And to those, who do not know it yet, I recommend the entire channel. Grant Sanderson has an amazing skill in putting problems into different perspective and conveying concepts.

Nominal Animal:
If you wanted to, you could also use NetPBM P6 (.ppm) output from the C program directly.  These can be compressed to PNG using the NetPBM tools (pnmtopng -compress 9 source.ppm > output.png), but are also directly openable in many applications, like Gimp et cetera.  (You don't need any libraries, only the tools, which are provided by the netpbm package in all Linux distributions.)

The PPM format is very simple.  It has a human-readable header, and image data in uncompressed raw binary form, either 8 bits per component (24 bits per pixel) or 16 bits per component (48 bits per pixel), although not all applications may be able to open the latter.  The exact spec for the P6 format is here.

For an introduction, see e.g. Wikipedia NetPBM article, noting that the examples use P1-P3, or the ASCII formats, not the corresponding binary P4-P6 formats.  The header in all these formats is always in text form. 
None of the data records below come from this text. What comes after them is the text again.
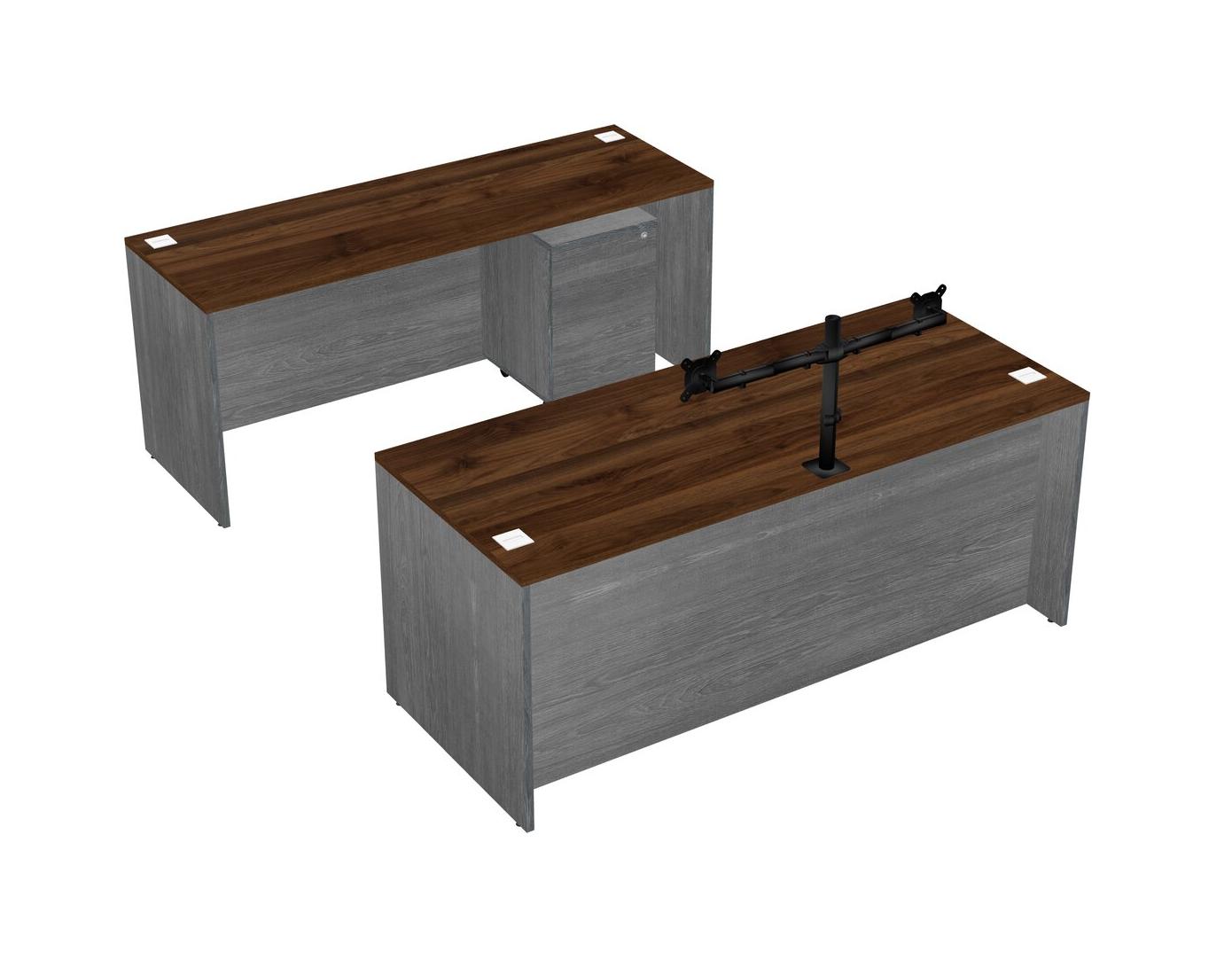Office Parallel Desk Credenza Desk + Wooden Mobile Drawers + Monitor Arm (double Arms)
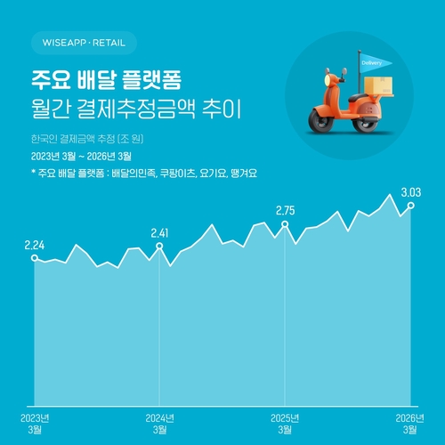 배달 플랫폼 4사의 합산 결제 추정 금액은 2023년 3월 2조2천400억원, 2024년 3월 2조4천100억원, 2025년 3월 2조7천500억원으로 매년 증가세를 이어왔다.
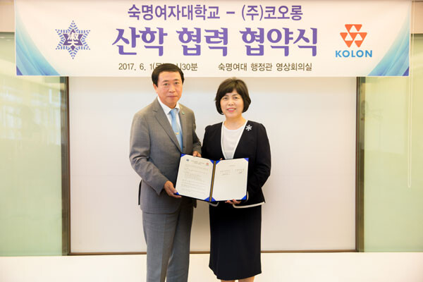 [대학저널 신효송 기자] 숙명여자대학교(총장 강정애)와 (주)코오롱이 1일 숙명여대 행정관에서 산학협력 협약식을 가졌다.
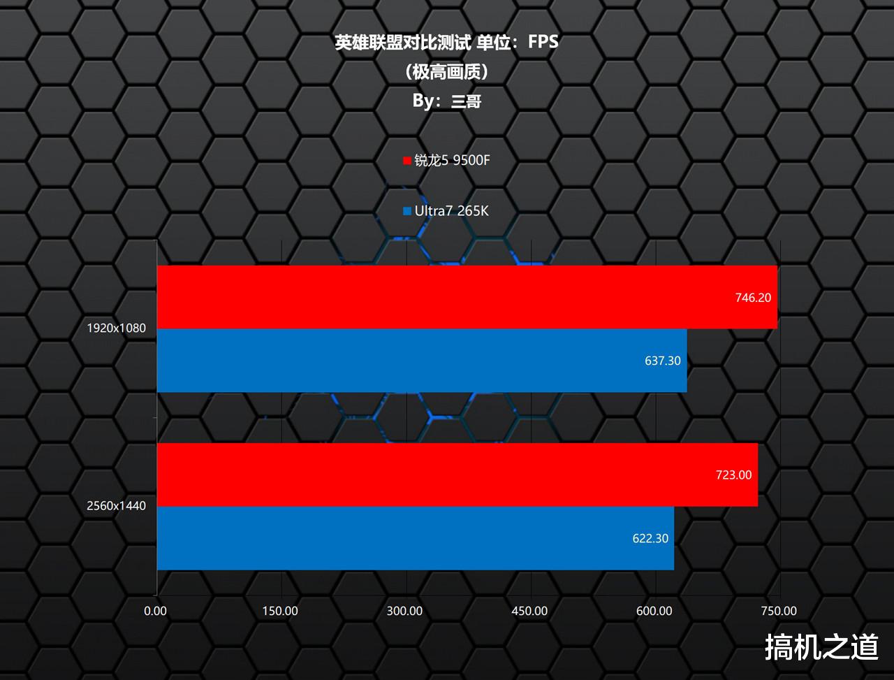 在《英雄联盟》测试中,锐龙5 9500F相较Ultra7 265K,在两个分辨率下均有大幅度的领先,其中1080P分辨率下领先了108.90帧,领先比率17.09%;1440P分辨率下领先了100.70帧,领先比率16.18%。
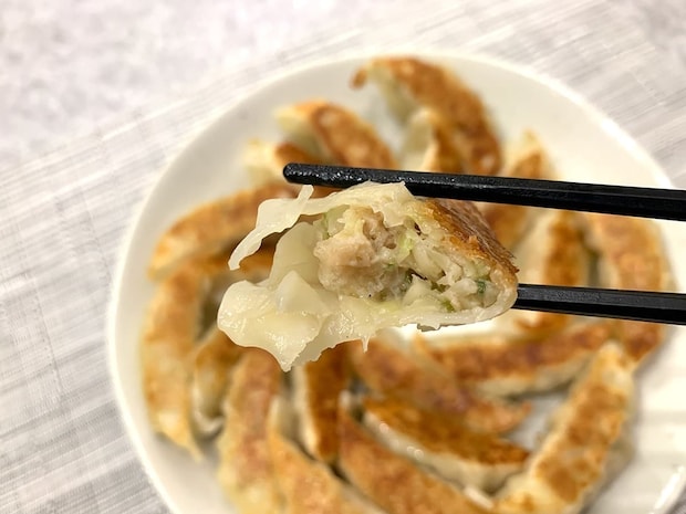 他のメーカーの冷凍餃子でもよく見るようなサイズ感で、キャベツの自然な甘みを軽い食感の餃子の皮で包んだ一品。

You could also memory-map the output file (which could not be a pipe then, though), and let each worker thread just write their output pixel value to the file directly (without seek-read-write overhead, since the data is memory-mapped).  If you initialized the output file to a color value that is not used, you can make it completely restartable too.. The trick with memory-mapping is to use a suitable fixed-size header, say 32 bytes, with padding in the size "row", and to use msync() before unmapping or exiting the program.  I could whip up an example of the mechanism needed, if you like.

SiliconWizard:
I've done something like that a few years ago too. Fractals are fascinating.
As to PNG, I did use libpng directly. It's not that hard to use.